**TASK BRIEF:** Copy word for word the lines of the records below, beginning at the one with "我的钢铁app是一款移动钢铁" and finishing at the one with "- Click Add", ends included, but none of the pictures.

**ENTRIES SUPPLIED:**
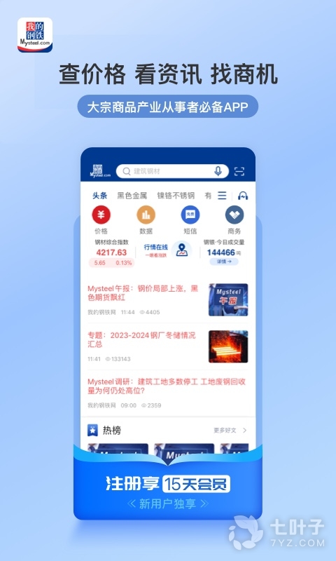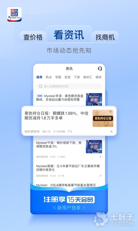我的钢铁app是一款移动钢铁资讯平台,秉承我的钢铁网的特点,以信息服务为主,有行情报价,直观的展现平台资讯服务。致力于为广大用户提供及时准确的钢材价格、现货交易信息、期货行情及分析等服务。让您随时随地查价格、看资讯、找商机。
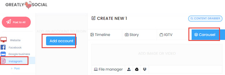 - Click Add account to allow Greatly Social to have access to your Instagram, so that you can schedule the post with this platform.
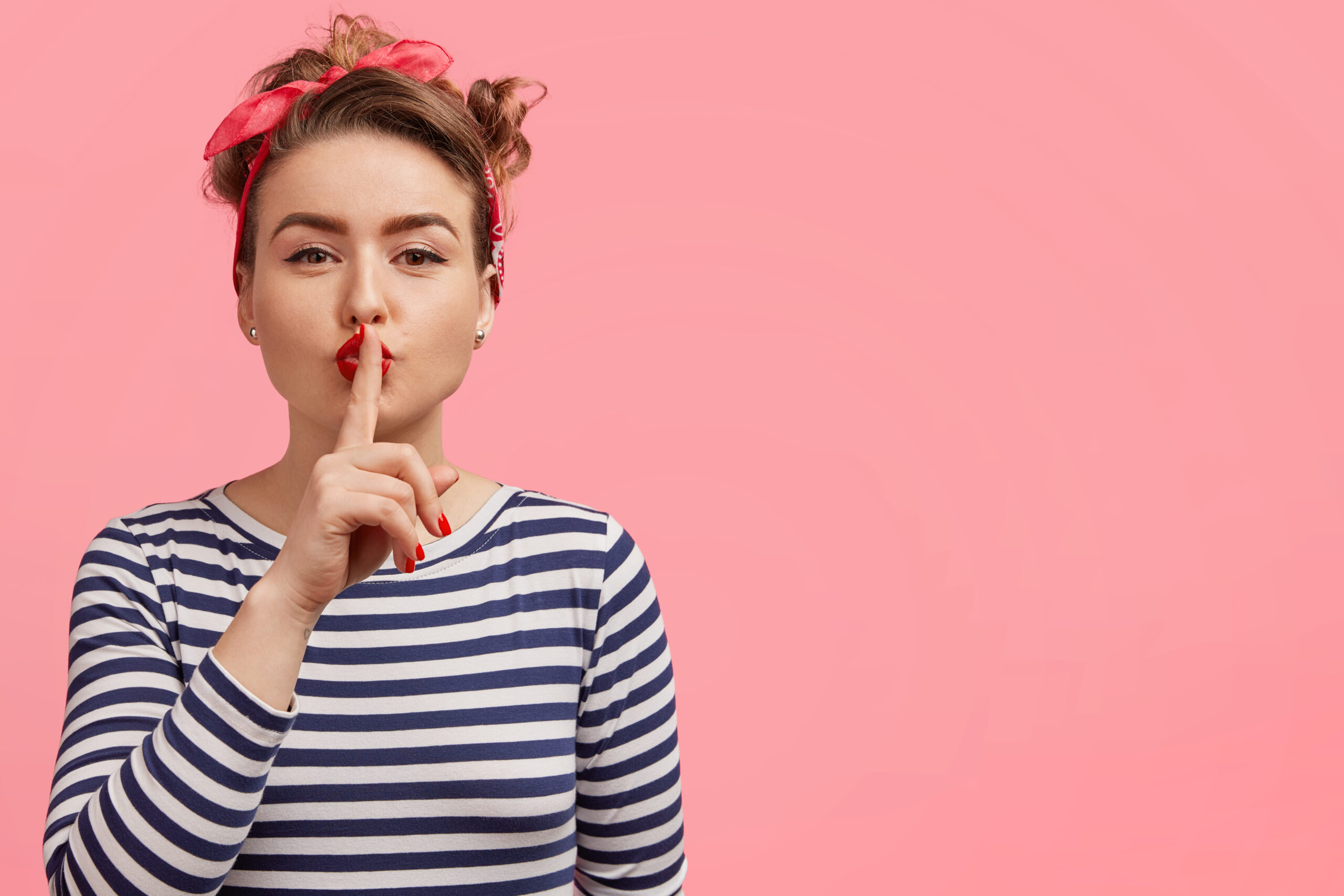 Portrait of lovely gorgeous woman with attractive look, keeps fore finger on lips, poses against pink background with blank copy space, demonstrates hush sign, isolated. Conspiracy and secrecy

...

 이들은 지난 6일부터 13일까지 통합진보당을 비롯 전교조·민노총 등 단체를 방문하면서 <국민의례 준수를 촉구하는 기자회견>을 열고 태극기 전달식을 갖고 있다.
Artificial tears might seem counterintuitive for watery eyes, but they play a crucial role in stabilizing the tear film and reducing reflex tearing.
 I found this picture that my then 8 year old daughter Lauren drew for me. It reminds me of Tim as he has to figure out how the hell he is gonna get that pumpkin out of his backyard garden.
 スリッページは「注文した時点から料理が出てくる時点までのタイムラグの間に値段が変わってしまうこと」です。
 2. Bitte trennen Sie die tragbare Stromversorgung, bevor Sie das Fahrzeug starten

**TASK RESULT:**
我的钢铁app是一款移动钢铁资讯平台,秉承我的钢铁网的特点,以信息服务为主,有行情报价,直观的展现平台资讯服务。致力于为广大用户提供及时准确的钢材价格、现货交易信息、期货行情及分析等服务。让您随时随地查价格、看资讯、找商机。
 - Click Add account to allow Greatly Social to have access to your Instagram, so that you can schedule the post with this platform.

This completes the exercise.